Using the material below, print a verbatim copy of every line from the one containing "アメジスト:2月の誕生石とし" through the one containing "Drape yourself in", inclusive, and omit the pictures.
+++ Provided records
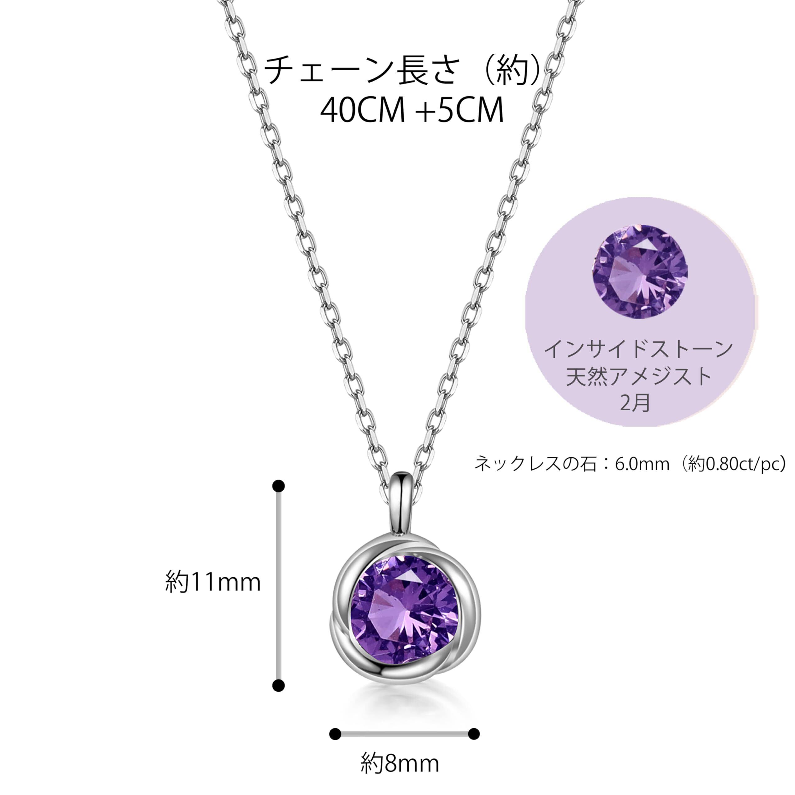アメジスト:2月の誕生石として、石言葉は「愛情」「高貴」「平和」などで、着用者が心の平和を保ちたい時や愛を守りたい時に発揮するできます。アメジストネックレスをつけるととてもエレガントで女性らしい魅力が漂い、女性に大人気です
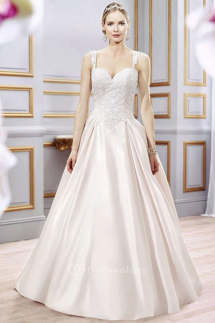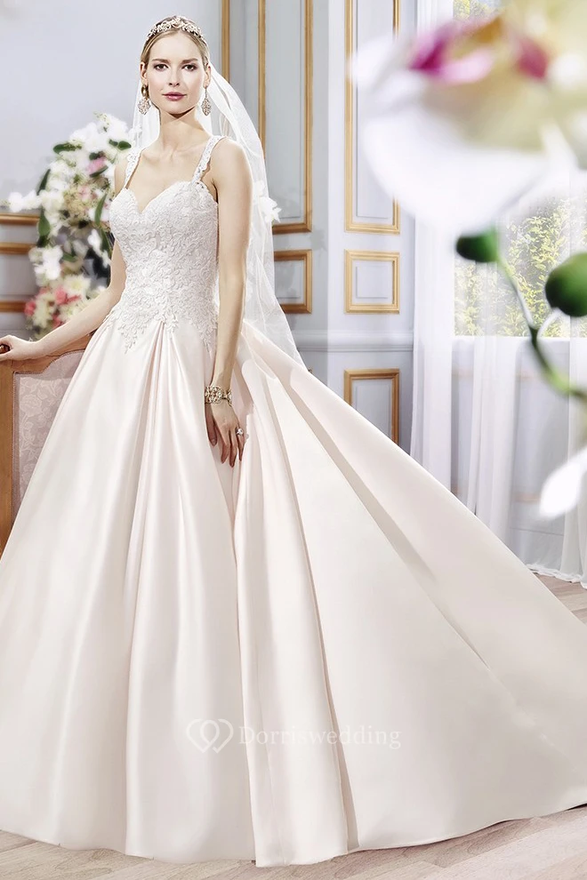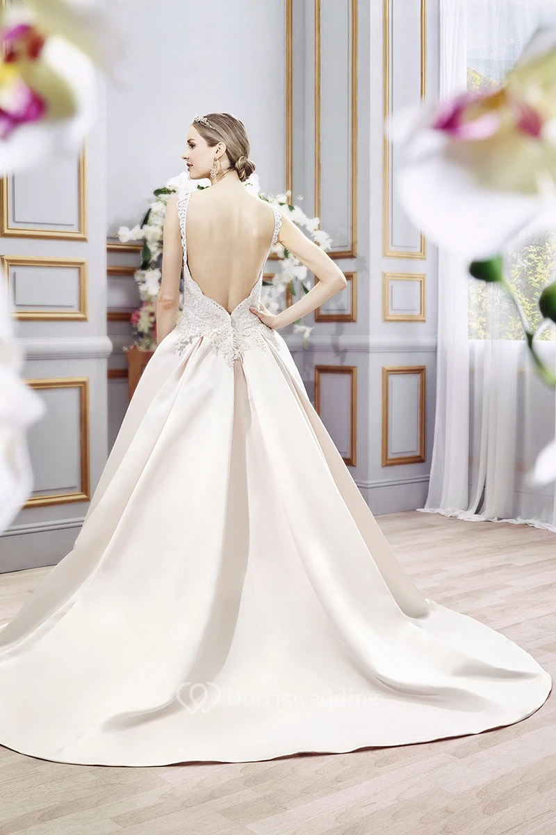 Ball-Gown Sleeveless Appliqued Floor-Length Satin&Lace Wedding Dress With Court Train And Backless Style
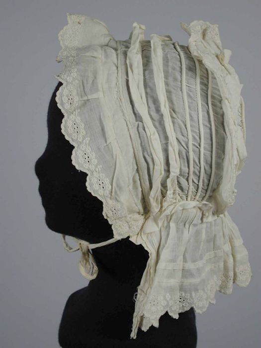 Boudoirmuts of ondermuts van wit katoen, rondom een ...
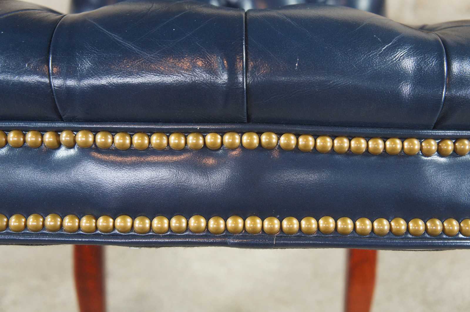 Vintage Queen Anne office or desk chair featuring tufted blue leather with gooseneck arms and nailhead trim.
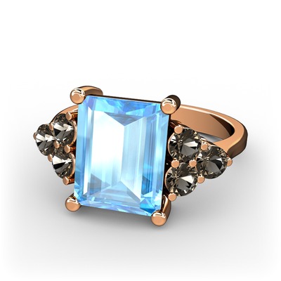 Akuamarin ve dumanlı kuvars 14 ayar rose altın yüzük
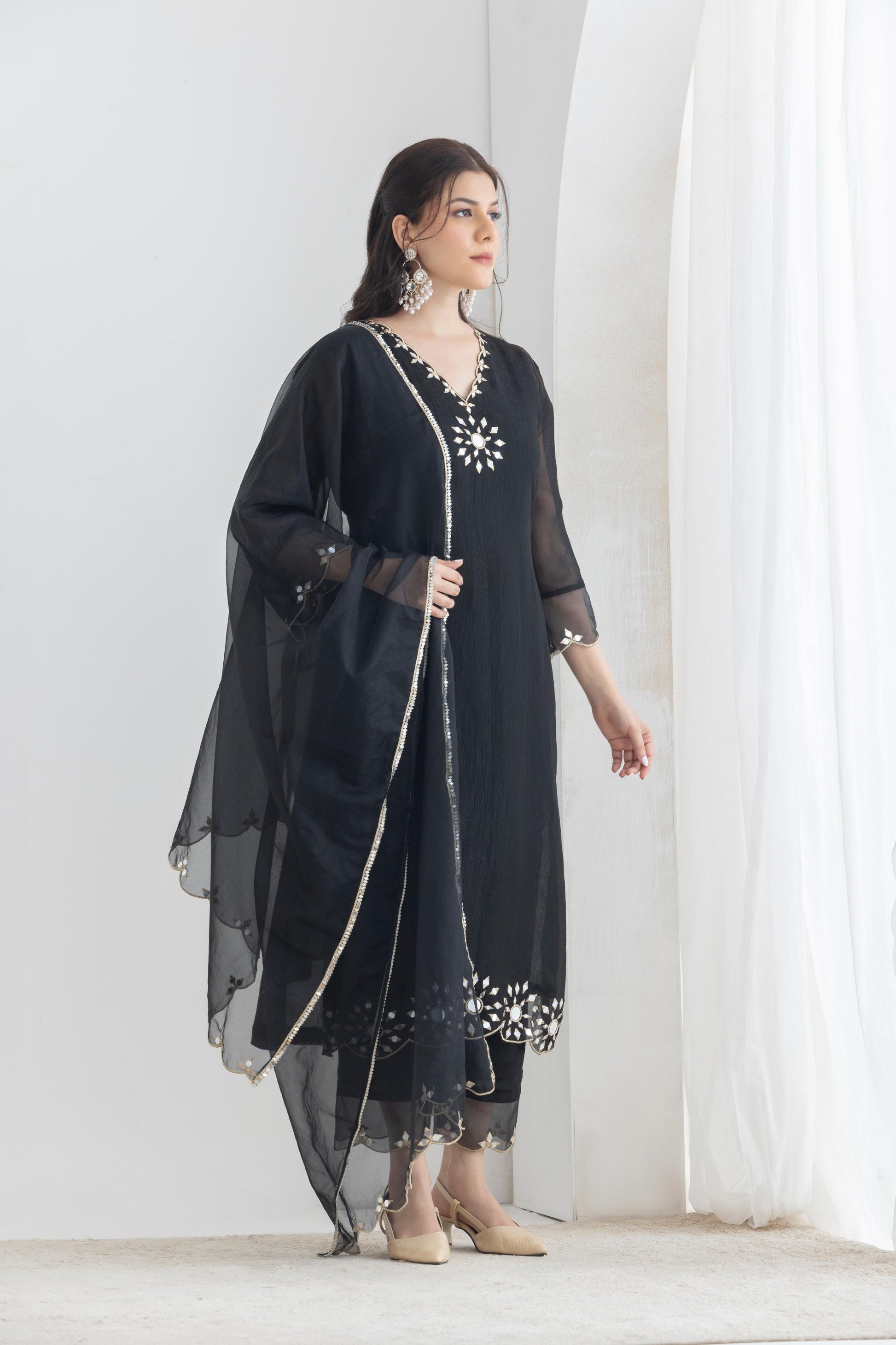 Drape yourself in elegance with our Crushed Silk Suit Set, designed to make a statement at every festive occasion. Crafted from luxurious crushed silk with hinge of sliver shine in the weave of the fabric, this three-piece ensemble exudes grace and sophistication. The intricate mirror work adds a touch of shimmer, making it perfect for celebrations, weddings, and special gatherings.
++++++
+++ Provided records
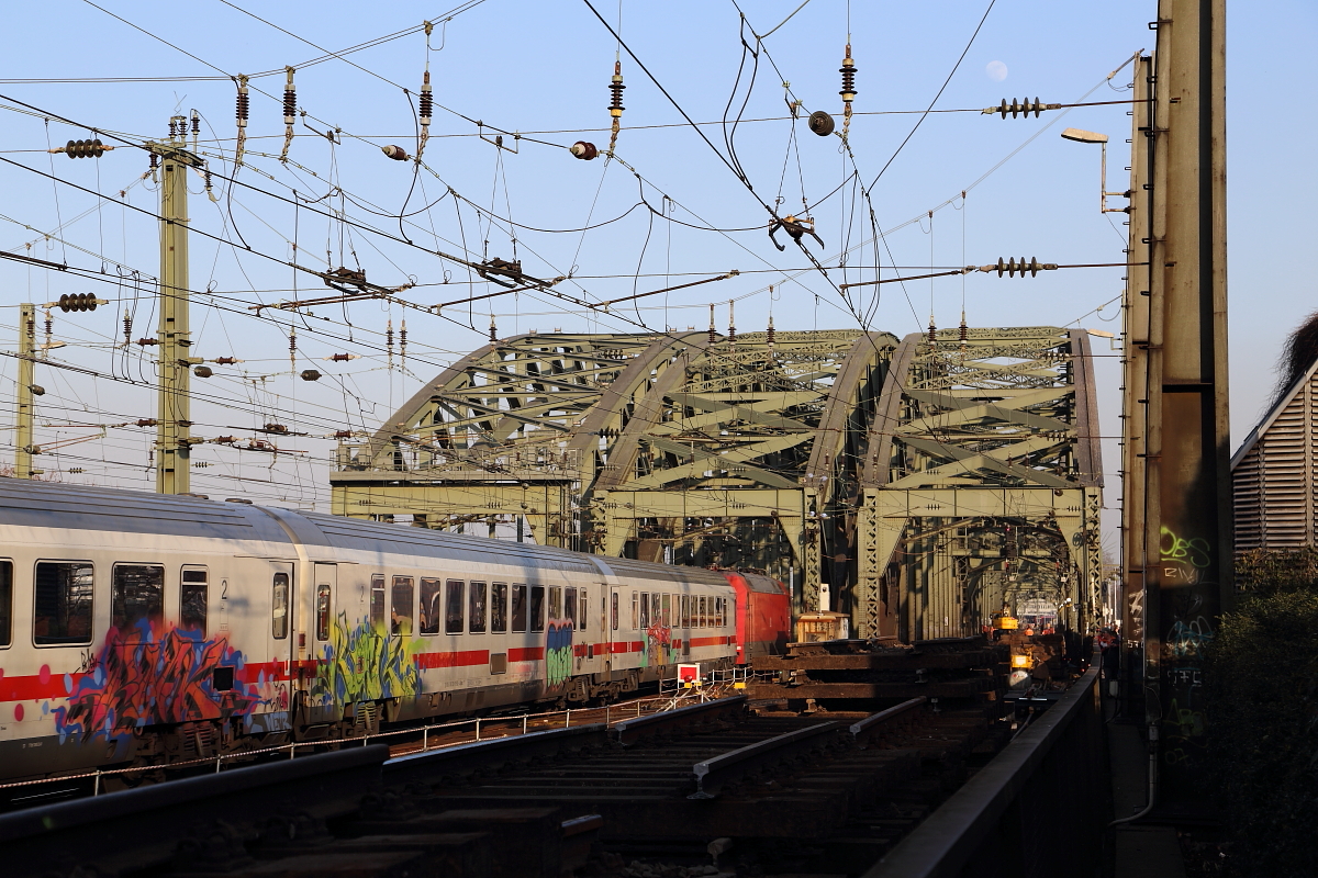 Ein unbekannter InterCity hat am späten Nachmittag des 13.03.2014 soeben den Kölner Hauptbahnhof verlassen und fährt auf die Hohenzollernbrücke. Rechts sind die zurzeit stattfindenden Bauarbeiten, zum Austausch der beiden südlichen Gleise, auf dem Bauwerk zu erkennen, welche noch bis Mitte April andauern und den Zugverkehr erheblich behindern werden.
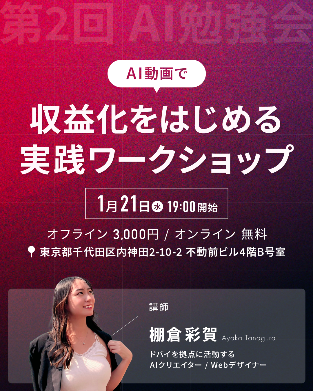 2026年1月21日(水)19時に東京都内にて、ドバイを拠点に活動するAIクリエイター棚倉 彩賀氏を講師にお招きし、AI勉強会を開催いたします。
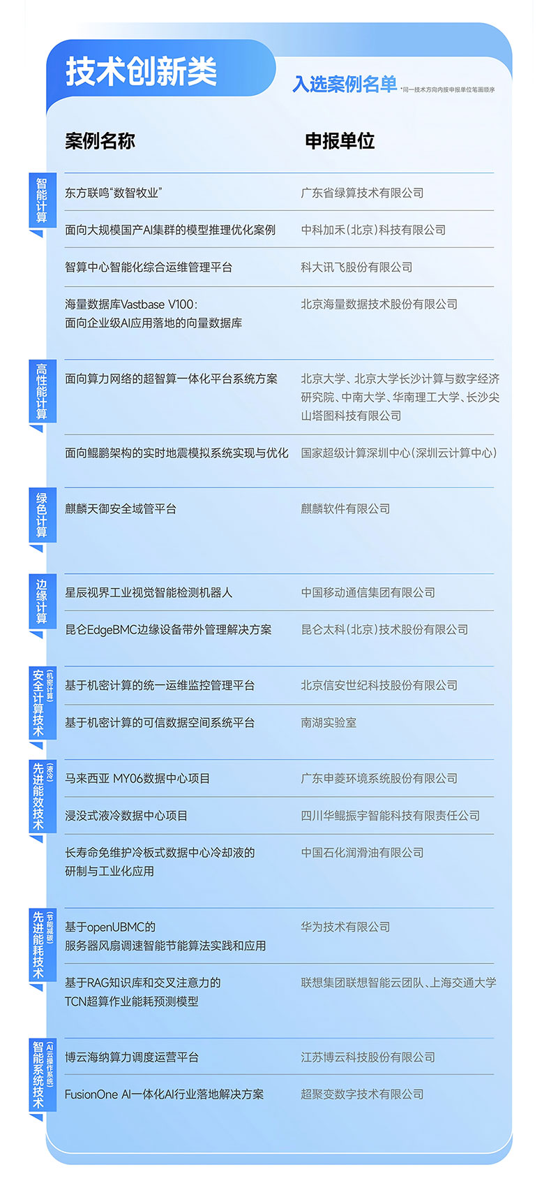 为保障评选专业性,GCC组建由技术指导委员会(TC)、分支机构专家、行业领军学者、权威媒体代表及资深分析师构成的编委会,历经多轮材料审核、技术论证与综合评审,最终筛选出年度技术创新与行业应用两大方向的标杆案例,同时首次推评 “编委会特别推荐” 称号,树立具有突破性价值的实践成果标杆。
++++++
+++ Provided records
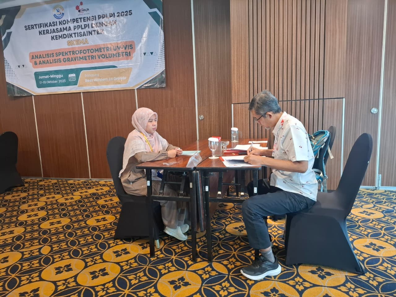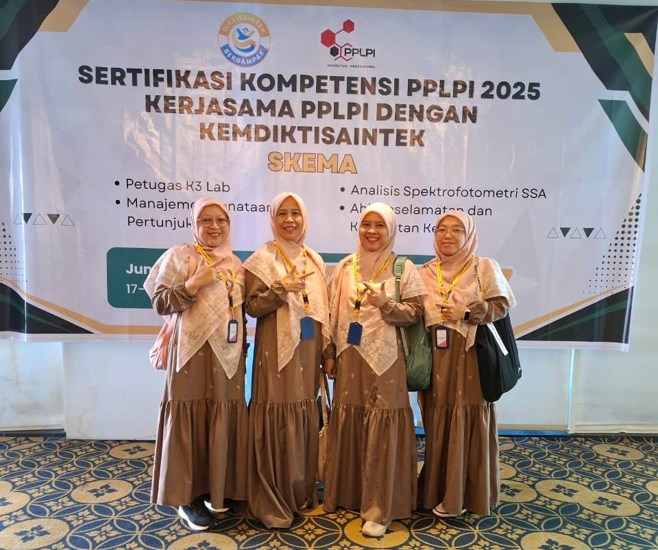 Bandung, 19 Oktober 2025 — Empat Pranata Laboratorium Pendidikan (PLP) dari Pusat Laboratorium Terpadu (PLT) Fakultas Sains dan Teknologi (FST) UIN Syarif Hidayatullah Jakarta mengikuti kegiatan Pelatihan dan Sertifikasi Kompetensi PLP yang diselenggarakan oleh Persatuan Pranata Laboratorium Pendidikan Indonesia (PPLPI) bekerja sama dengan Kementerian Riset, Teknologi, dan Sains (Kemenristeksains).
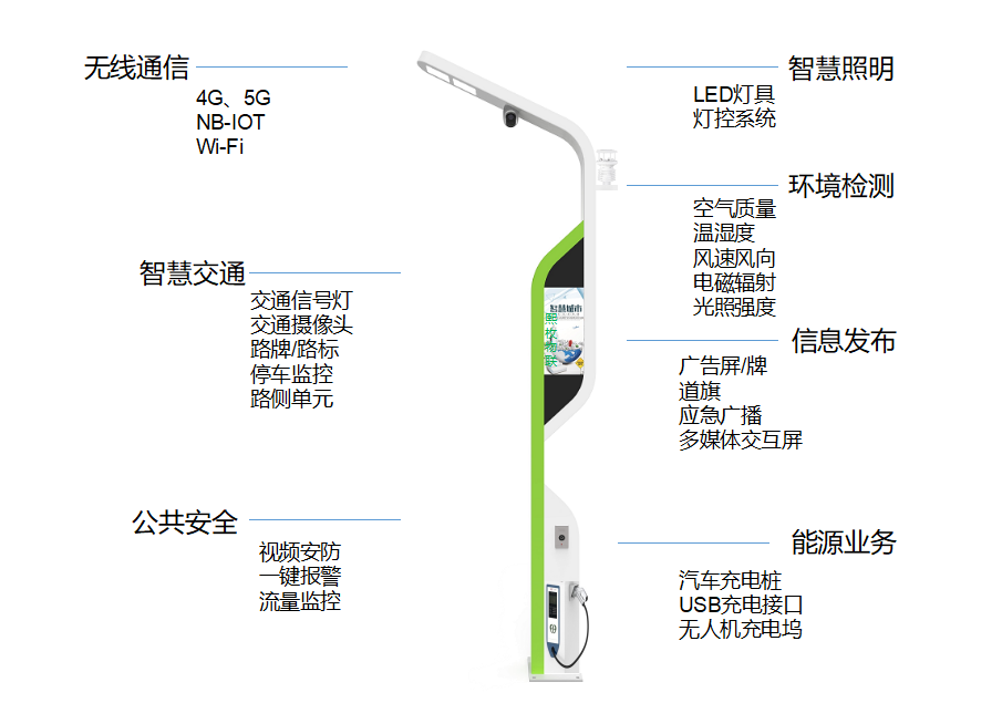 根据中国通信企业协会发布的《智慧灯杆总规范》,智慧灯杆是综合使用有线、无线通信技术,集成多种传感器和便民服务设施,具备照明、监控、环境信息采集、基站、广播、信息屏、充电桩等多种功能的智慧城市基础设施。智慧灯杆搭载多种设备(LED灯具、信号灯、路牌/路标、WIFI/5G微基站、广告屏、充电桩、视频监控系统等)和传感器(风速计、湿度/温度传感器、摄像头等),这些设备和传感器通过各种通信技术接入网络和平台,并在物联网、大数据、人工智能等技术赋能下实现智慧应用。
++++++
Solution to this problem —
アメジスト:2月の誕生石として、石言葉は「愛情」「高貴」「平和」などで、着用者が心の平和を保ちたい時や愛を守りたい時に発揮するできます。アメジストネックレスをつけるととてもエレガントで女性らしい魅力が漂い、女性に大人気です
 Ball-Gown Sleeveless Appliqued Floor-Length Satin&Lace Wedding Dress With Court Train And Backless Style
 Boudoirmuts of ondermuts van wit katoen, rondom een ...
 Vintage Queen Anne office or desk chair featuring tufted blue leather with gooseneck arms and nailhead trim.
 Akuamarin ve dumanlı kuvars 14 ayar rose altın yüzük
 Drape yourself in elegance with our Crushed Silk Suit Set, designed to make a statement at every festive occasion. Crafted from luxurious crushed silk with hinge of sliver shine in the weave of the fabric, this three-piece ensemble exudes grace and sophistication. The intricate mirror work adds a touch of shimmer, making it perfect for celebrations, weddings, and special gatherings.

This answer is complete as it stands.